Musings of an Aspiring Polymath: Evolutionary Algorithms

Sunday, May 17, 2009

Secret Research Project 4: N Queens Problem with GA

Over the last couple of days I had an idea and nothing to do, so I implemented a genetic algorithm search for the N Queens problem. The N Queens problem is a toy problem in chess, where you are given N queens and a N x N chessboard, and where you are supposed to place the queens such that they do not attack each other.

The idea behind the GA search is simple; each individual in the population represents one configuration of the board. Better solutions can breed, thus (hopefully) conserving better positions. The details of the GA I used are as in the standard literature, employing uniform crossover and mutation with no elitism. The fitness function employed is the number of non-mutually-attacking queen pairs.

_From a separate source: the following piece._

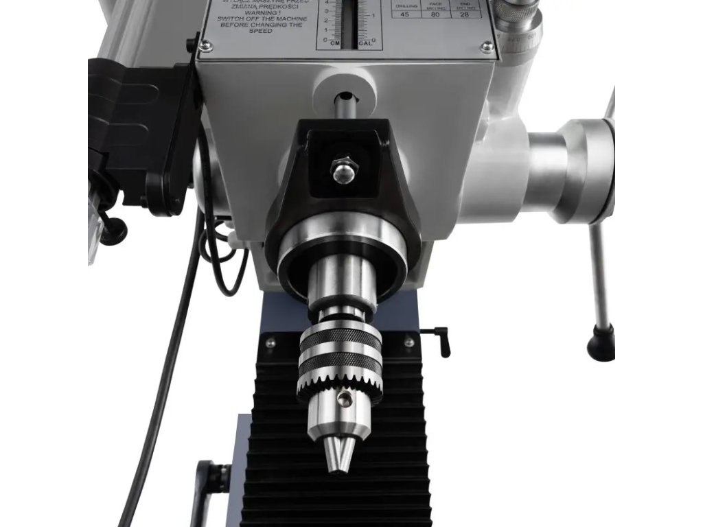 ✅ Nastavitelná výška frézování na suportu: Jedinečné nastavení výšky na suportu, nikoli na sloupu, umožňuje přizpůsobit stroj různým použitím.

I tested the performance of the GA search algorithm on the N queen problem for N=4,6,8,10,12. Each problem was run 20 times, resulting in the following results:

N	4	6	8	10	12
Average Generations	2.0	184.5	195.4	838.0	396.2
Median Generations	1	19	38.5	320.5	295.5
Average* Generations	1.6	95.2	75.2	521.9	349.4
Solution Density	128	11664	1.8E6	1.4E7	6.3E8
Efficiency	0.82	1.22	24.3	264	17968

*Average after discarding the 2 highest and lowest extremes.
Solution Density is the number of board configurations divided by number of distinct solutions; hence representing the number of random searches before a solution is found.
Efficiency is the solution density divided by average number of GA searches.

The results of the GA search are not too bad, though I was expecting better performance. However, the scaling seems a bit haphazard; I am unable to explain why N = 12 runs better than N = 10. Another point which is unreflected in this report is that for N = 15 and beyond, this GA search will require considerable time to run. More improvements are necessary.

Lastly, here are some of the solutions found by the GA search. A solution each for the N = 8 and N = 12 cases are shown.

N = 8 Solution

N = 12 Solution

Sunday, November 30, 2008

Secret Reseach Project 3: Authorship Attributor

During the term, I developed a program that was able to attribute a document to its correct author. In other words, given a sample document, the trained program would be able to indicate who wrote it.

The theoretical basis for the authorship attributor is that different authors have different active vocabularies and different word preferences. Hence, this difference can be exploited to differentiate between writings of different authors, as long as enough of their prior work is known.

The program employed genetic algorithms to evolve simple rule-based classifier systems. The final performance on the test set, the Federalist Papers, was generally good, although slightly inferior to existing methods.

P	L	M	C	Average % Correctly Classified	Average No. of Active Rules
100	25	100	5	91.67	4
50	25	100	5	78.33	5
100	10	100	5	88.33	2
100	25	10	5	73.33	11.2
100	25	100	25	83.33	4.6
100	25	10	25	78.33	7.6

Table: Performance of Classifiers for Given GA Parameters

The key weakness of my proposed approach is that is too simple, employing only a voting framework of rules. Furthermore, the individual rules consider only the relative frequencies of pairs of word, which is an approach that is not generalizable. In other words, while the existing approach may be useful for a pairwise classifier, it is likely to be useless for developing a universal attributor capable of differentiating between any number of candidate authors.

Still, in terms of potential, I believe that this particular research project has more potential for improvement than my previous research projects. In particular, the rule combining system can be improved from the voting framework currently used. Furthermore, the rules used can be made more general versions with little modification. Additional criteria could also be included.

I hope to revisit this problem at a later point in time.